AIM OF THE EXERCISE
For the listing below, output exactly the lines from the line with "88 x 50 см |" up to and including the line with "Ce pendentif a", and no other lines.

INFORMATION
>>>

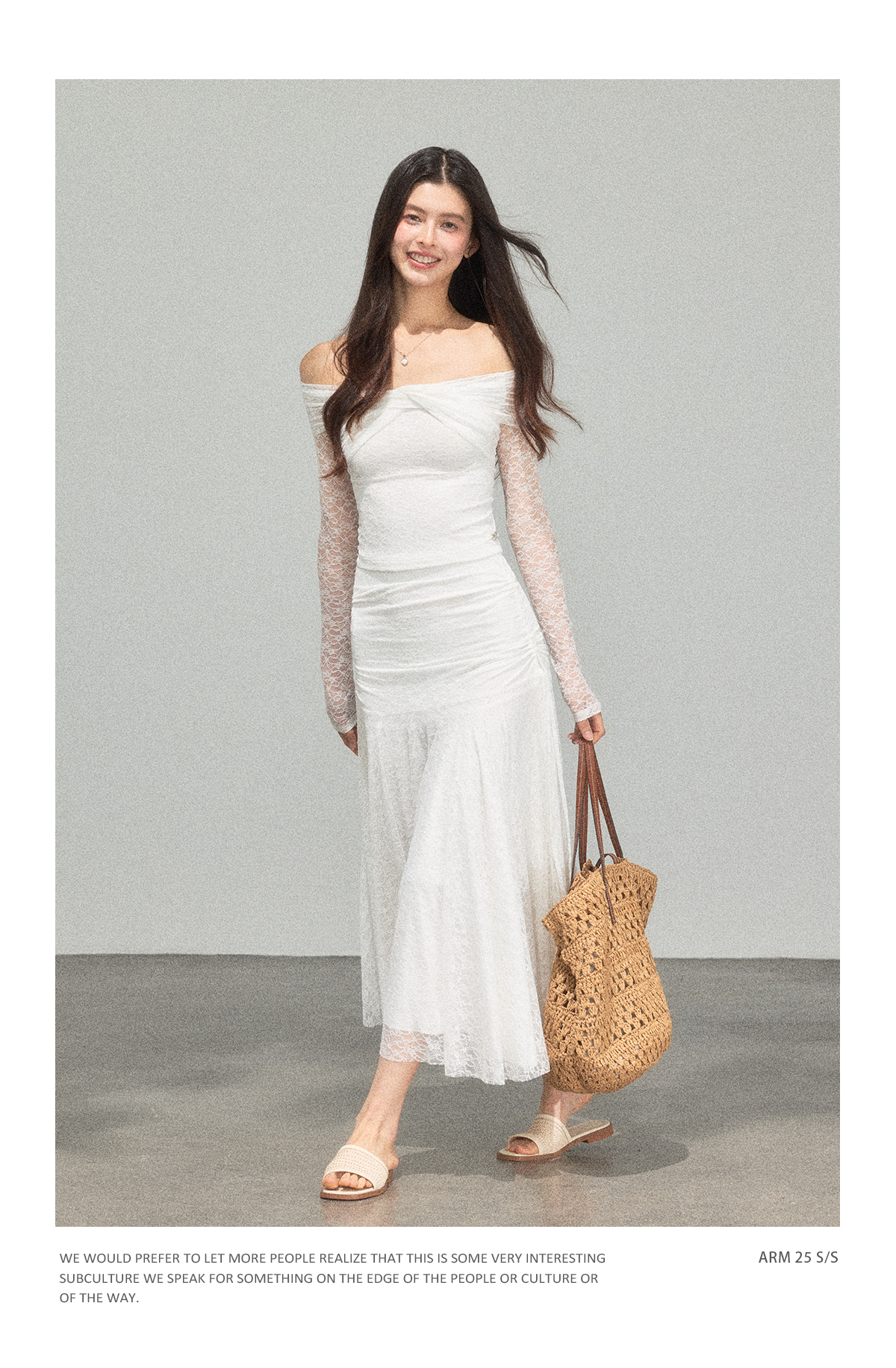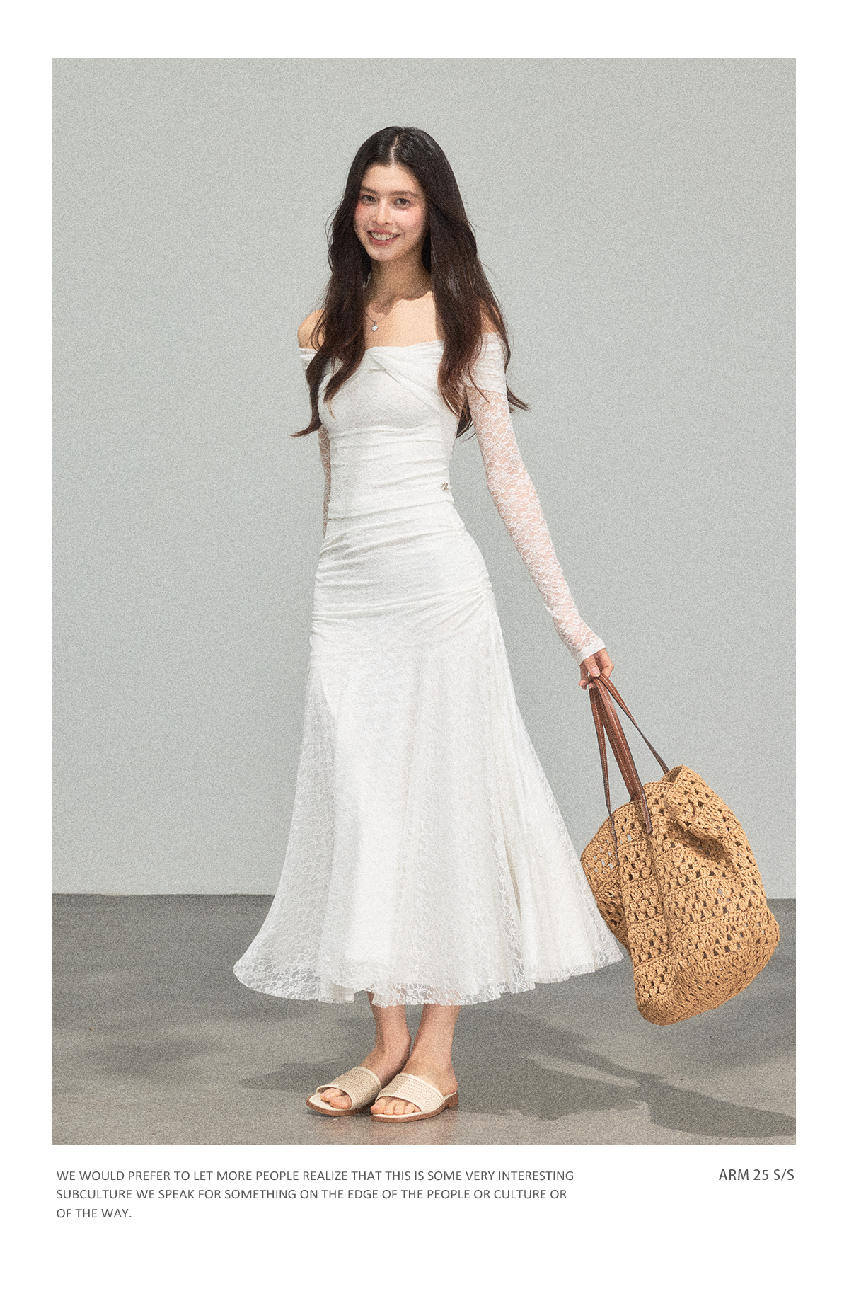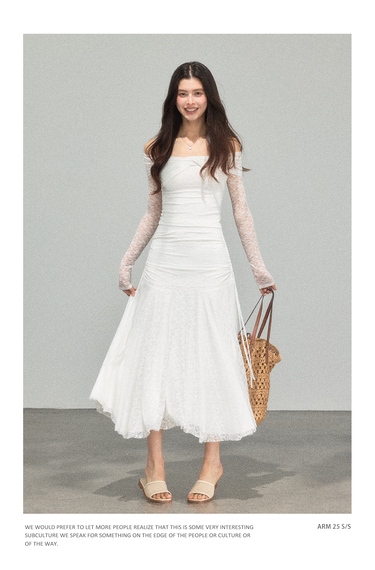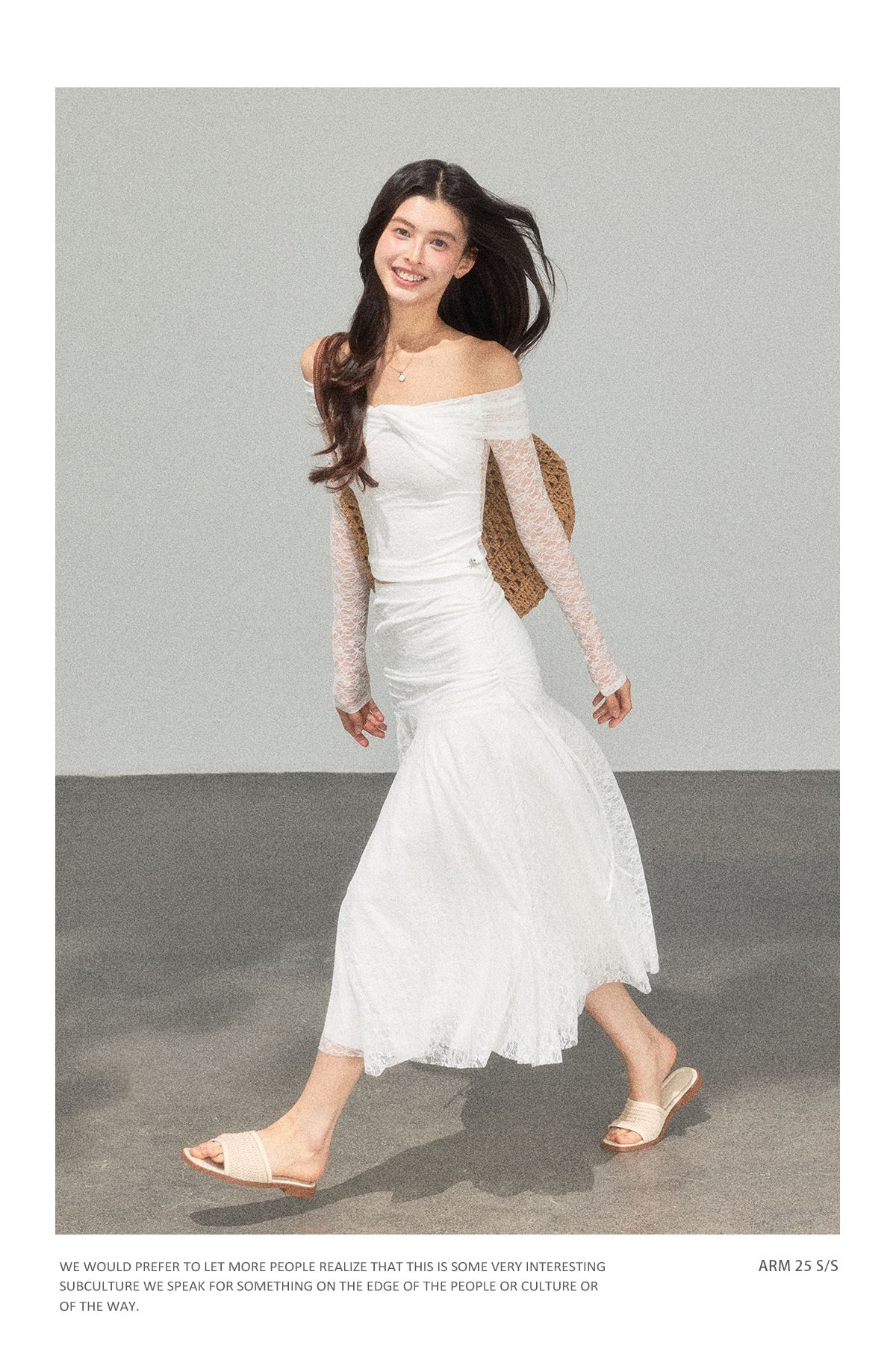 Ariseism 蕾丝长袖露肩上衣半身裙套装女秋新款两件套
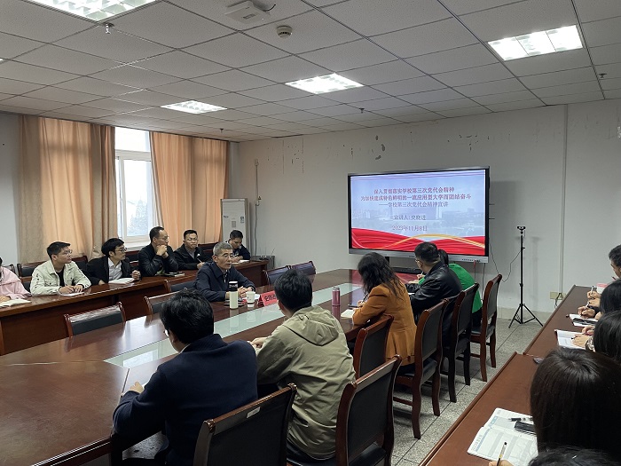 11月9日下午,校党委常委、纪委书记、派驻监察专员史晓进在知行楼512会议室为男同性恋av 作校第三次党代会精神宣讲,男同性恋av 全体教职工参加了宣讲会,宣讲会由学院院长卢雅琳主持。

<<<
>>>

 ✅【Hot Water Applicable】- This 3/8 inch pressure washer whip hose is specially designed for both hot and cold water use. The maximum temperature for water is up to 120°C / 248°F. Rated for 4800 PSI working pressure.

<<<
>>>

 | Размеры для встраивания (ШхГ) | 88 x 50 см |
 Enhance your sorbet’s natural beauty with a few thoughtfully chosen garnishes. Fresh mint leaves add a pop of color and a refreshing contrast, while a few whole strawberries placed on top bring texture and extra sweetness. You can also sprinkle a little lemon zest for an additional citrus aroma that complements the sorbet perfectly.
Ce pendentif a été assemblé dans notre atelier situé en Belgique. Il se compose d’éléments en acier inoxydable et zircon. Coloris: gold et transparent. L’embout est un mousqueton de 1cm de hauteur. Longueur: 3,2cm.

<<<

SOLUTION FOR THIS PROBLEM
 | Размеры для встраивания (ШхГ) | 88 x 50 см |
 Enhance your sorbet’s natural beauty with a few thoughtfully chosen garnishes. Fresh mint leaves add a pop of color and a refreshing contrast, while a few whole strawberries placed on top bring texture and extra sweetness. You can also sprinkle a little lemon zest for an additional citrus aroma that complements the sorbet perfectly.
Ce pendentif a été assemblé dans notre atelier situé en Belgique. Il se compose d’éléments en acier inoxydable et zircon. Coloris: gold et transparent. L’embout est un mousqueton de 1cm de hauteur. Longueur: 3,2cm.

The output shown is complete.